- Born: October 25, 1925 Danville, Pennsylvania, U.S.
- Died: August 27, 2010 (aged 84) Syracuse, New York, U.S.
- Occupation: Businessman
- Years active: 1946–2010
- Known for: Founder of Raymour Furniture
- Spouse: Norma Goldberg ​(m. 1949)​
- Children: 4

Notes

= Bernard Goldberg (businessman) =

American businessman

Bernard Goldberg (October 20, 1925 – August 27, 2010) was an American businessperson who co-founded the furniture retailer Raymour Furniture (which later became Raymour & Flanigan) in 1946 with his brother, Arnold Goldberg.

==Biography==
===Early life===
Goldberg graduated from Nottingham High School in Syracuse, New York before enrolling at Princeton University. He dropped out of Princeton in order to enlist in the United States Army during World War II. He was sent to France and Germany in the infantry during the war and was a recipient of the Bronze Star Medal. He returned to New York following the end of World War II, where he received a bachelor's degree from Syracuse University in 1948.

===Raymour & Flanigan===
Bernard and Arnold Goldberg opened the first Raymour Furniture in 1946 in Syracuse, New York. They did not name their new store "Goldberg" because another store in the city owned by their relatives already used their surname. Instead, the brothers named their furniture store after an antiques shop in Long Island which was owned and operated by another brother. Under Goldberg's ownership, the two brothers opened a second store in Clay, New York, in 1972. The company acquired Flanigan's Furniture in 1990, which operated fourteen stores in upstate New York at the time. The acquisition gave the company its present name, Raymour & Flanigan.

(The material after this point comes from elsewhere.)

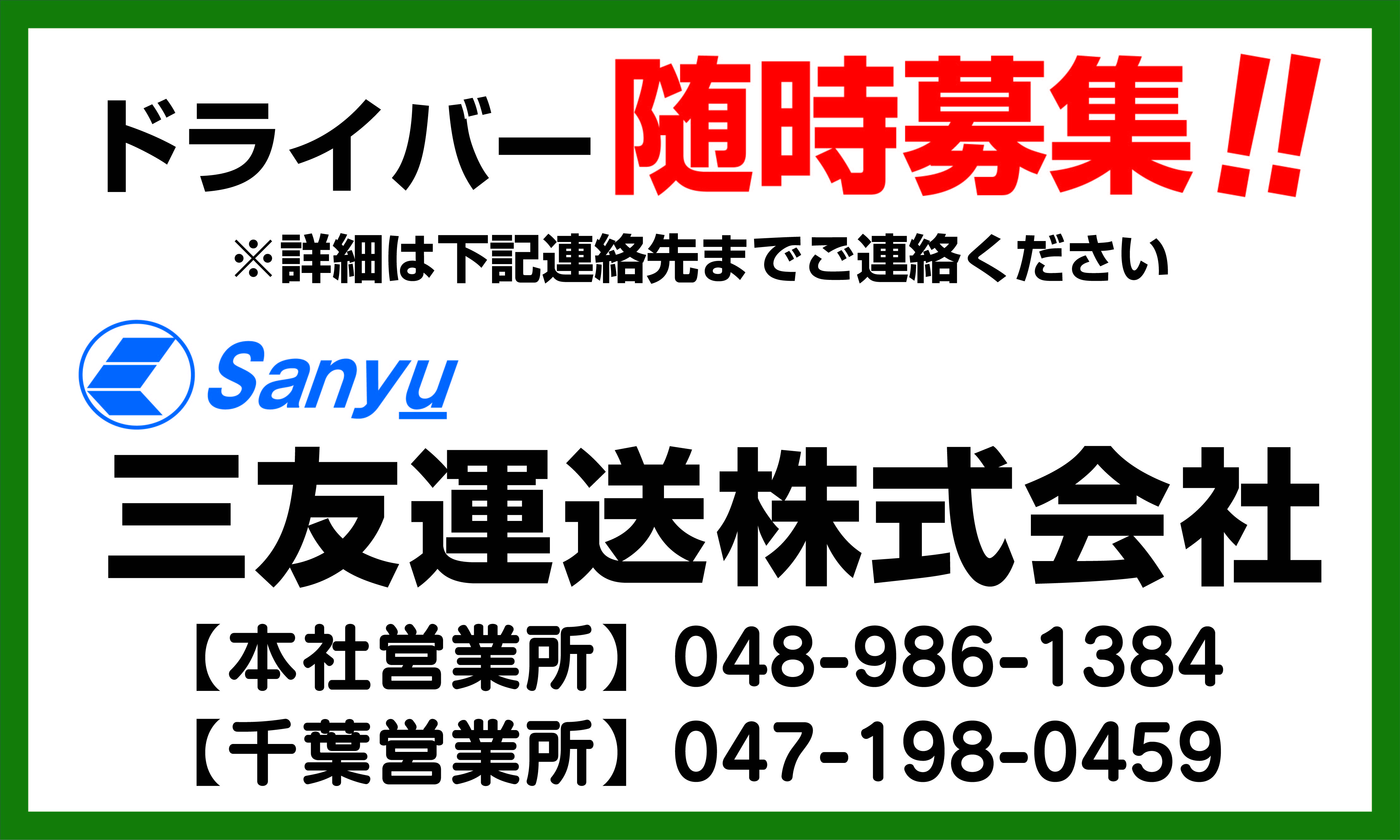 只今、当社では本社営業所にて2tドライバー1名、 千葉営業所にて4tドライバーを2名募集しております。 詳しくは採用情報よりご確認ください。 たくさんのご応募お待ちしております!

Bernard Goldberg remained the chairperson of Raymour & Flanigan until his death in 2010. However, he suffered from deteriorating health, including Alzheimer's disease during the later years of his life. His two sons - Raymour & Flanigan President and CEO Neil Goldberg and Executive Vice President Steve Goldberg, as well as his nephew, Executive Vice President Michael Goldberg, succeeded him.

Additionally, Goldberg was a founding member of the Syracuse Jewish Community Foundation of Central New York and was a member of the board of directors for the New York State Division of Human Rights.

==Death==
Bernard Goldberg died in Syracuse on August 27, 2010, of complications from Alzheimer's disease, aged 84. He was survived by his wife, Norma, three sons, one daughter and eleven grandchildren.